*** INPUT DATA

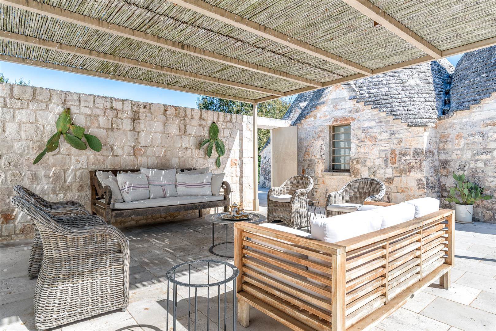 Connected to the lamia by a pergola is the comfortable sleeping area, contained within a large group of 8 trulli.
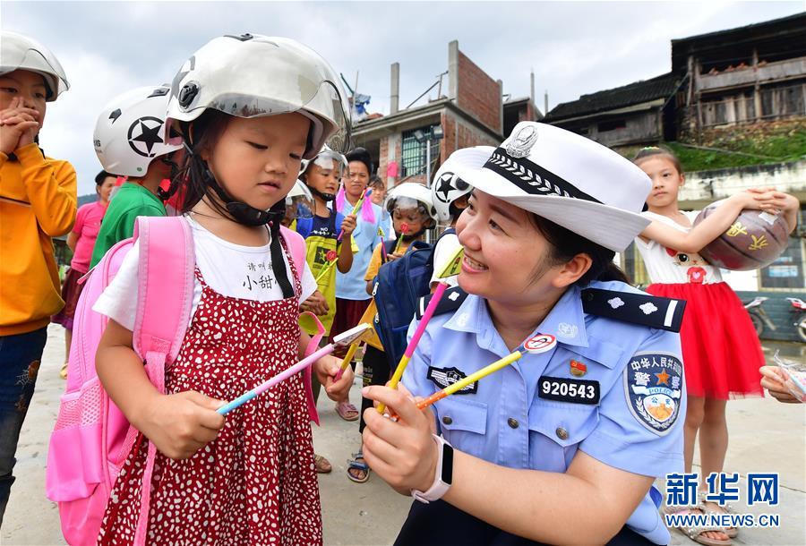 7月11日,柳州市交警支队民警给小朋友赠送交通标志铅笔。当日,广西柳州市交警支队的民警来到融水苗族自治县大浪镇大新村红邓屯教学点,开展暑期交通安全教育活动,增强孩子们的安全出行意识。新华社记者黄孝邦摄
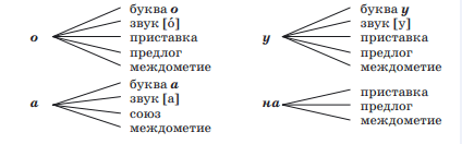 У: буква у (кукуруза); звук [у] (кабл[у́]к); приставка (усидеть); предлог (стоять у стены); междометие (У, как больно!).
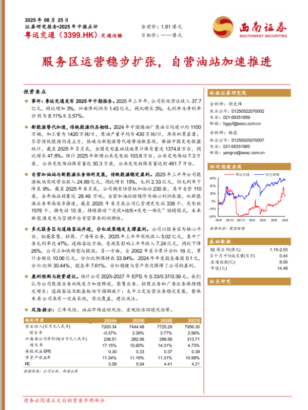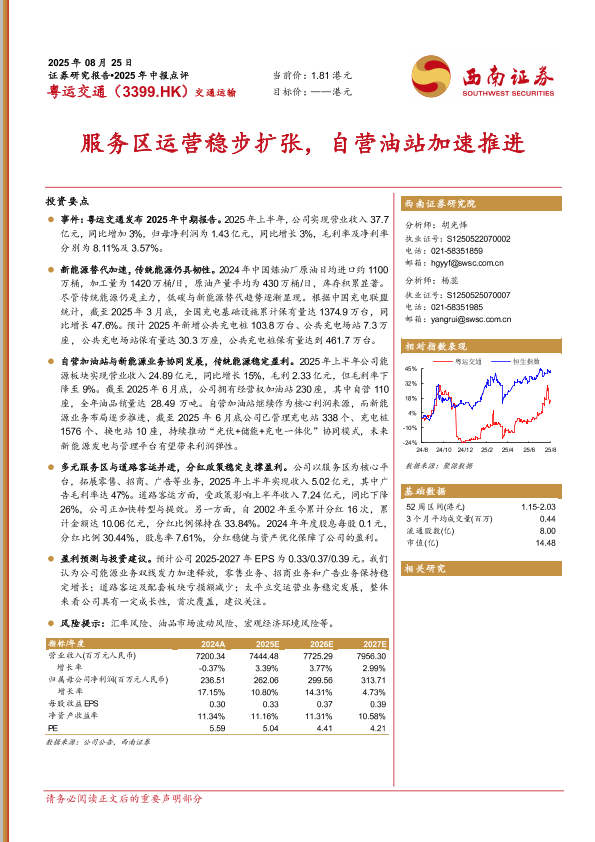 【西南证券】【202508】粤运交通:服务区运营稳步扩张,自营油站加速推进-16页
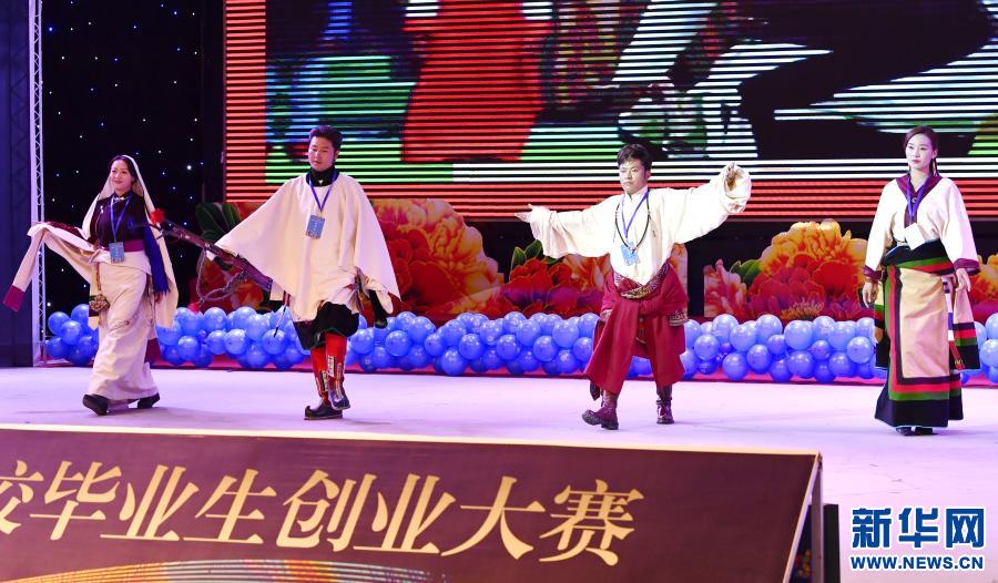 演員在西藏那曲第二屆高校畢業生創業大賽決賽現場表演(11月30日攝)。新華社記者 張汝鋒 攝
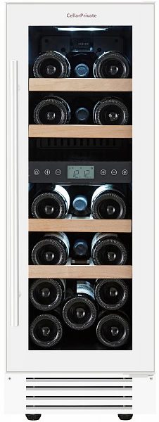 Винный шкаф двухзонный Cellar Private CP017-2TCP017-2TW предназначен для хранения небольшой винной коллекции или для подготовки вин к дегустации. В нем две зоны с широким диапазоном рабочих температур в каждой, динамическая вентиляция, отключаемая светодиодная подсветка. До 17 бутылок можно хранить на его четырех деревянных полках и нижнем уровне.
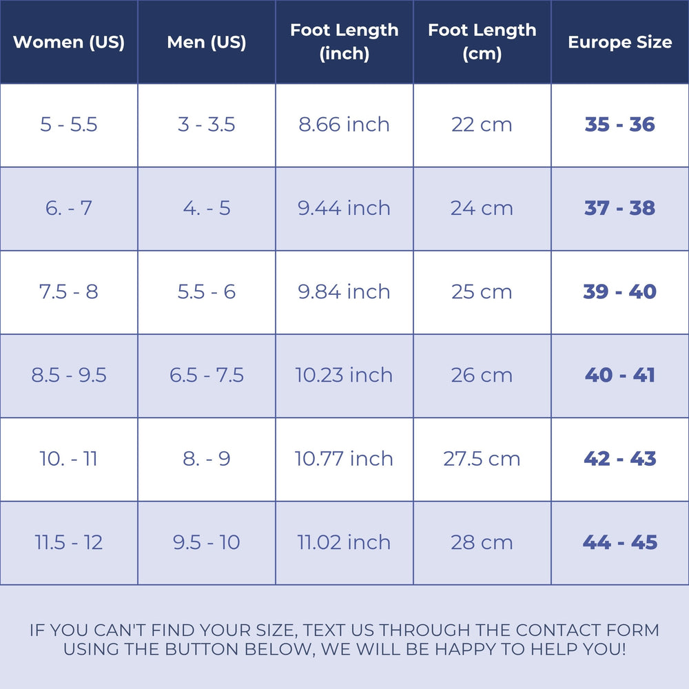 | Foot Length | Women (US) | Men (US) | Europe Size |
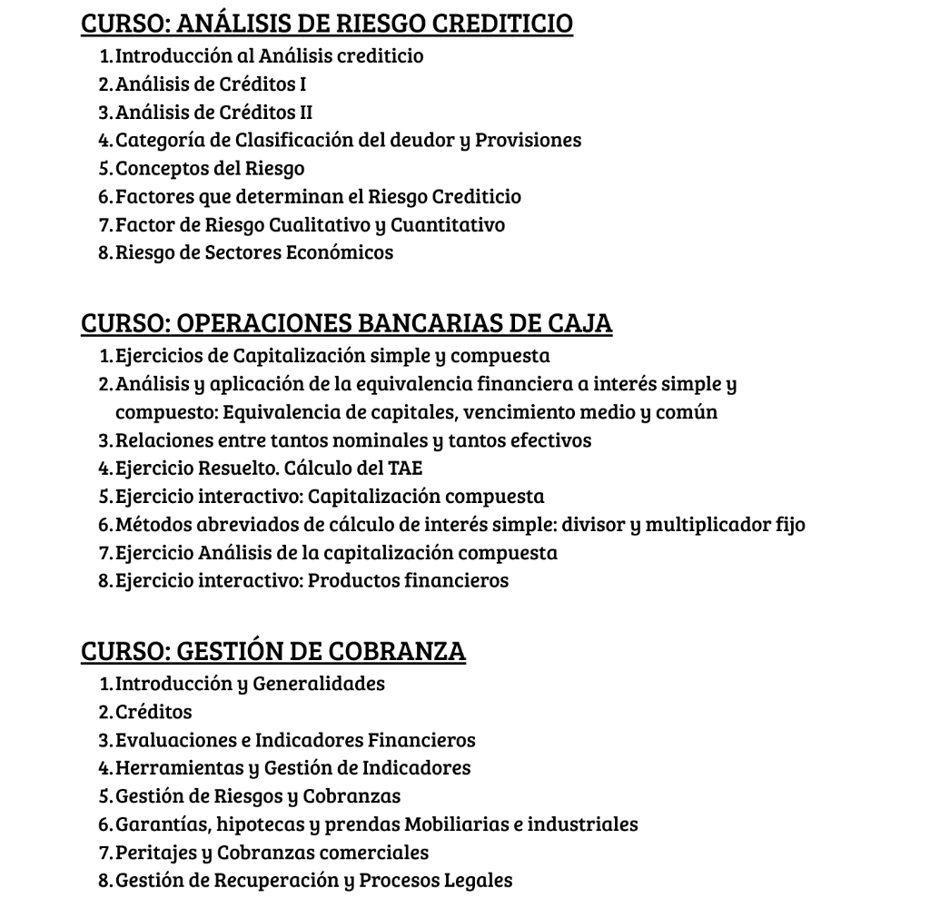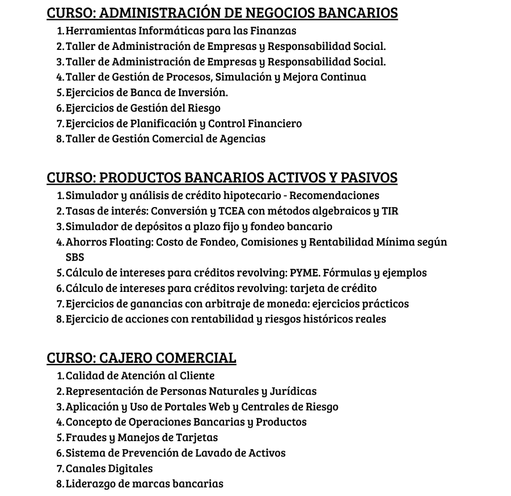 Este programa es ideal para gestores comerciales de agencias, analistas de créditos, cajeros bancarios, asesores financieros y profesionales interesados en la banca de inversión y la gestión de riesgos en entidades financieras.

******

_YOUR ASSIGNMENT_
Every line above has to be output exactly; the pictures must be dropped.

_REPLY_
 Connected to the lamia by a pergola is the comfortable sleeping area, contained within a large group of 8 trulli.
 7月11日,柳州市交警支队民警给小朋友赠送交通标志铅笔。当日,广西柳州市交警支队的民警来到融水苗族自治县大浪镇大新村红邓屯教学点,开展暑期交通安全教育活动,增强孩子们的安全出行意识。新华社记者黄孝邦摄
 У: буква у (кукуруза); звук [у] (кабл[у́]к); приставка (усидеть); предлог (стоять у стены); междометие (У, как больно!).
 【西南证券】【202508】粤运交通:服务区运营稳步扩张,自营油站加速推进-16页
 演員在西藏那曲第二屆高校畢業生創業大賽決賽現場表演(11月30日攝)。新華社記者 張汝鋒 攝
 Винный шкаф двухзонный Cellar Private CP017-2TCP017-2TW предназначен для хранения небольшой винной коллекции или для подготовки вин к дегустации. В нем две зоны с широким диапазоном рабочих температур в каждой, динамическая вентиляция, отключаемая светодиодная подсветка. До 17 бутылок можно хранить на его четырех деревянных полках и нижнем уровне.
 | Foot Length | Women (US) | Men (US) | Europe Size |
 Este programa es ideal para gestores comerciales de agencias, analistas de créditos, cajeros bancarios, asesores financieros y profesionales interesados en la banca de inversión y la gestión de riesgos en entidades financieras.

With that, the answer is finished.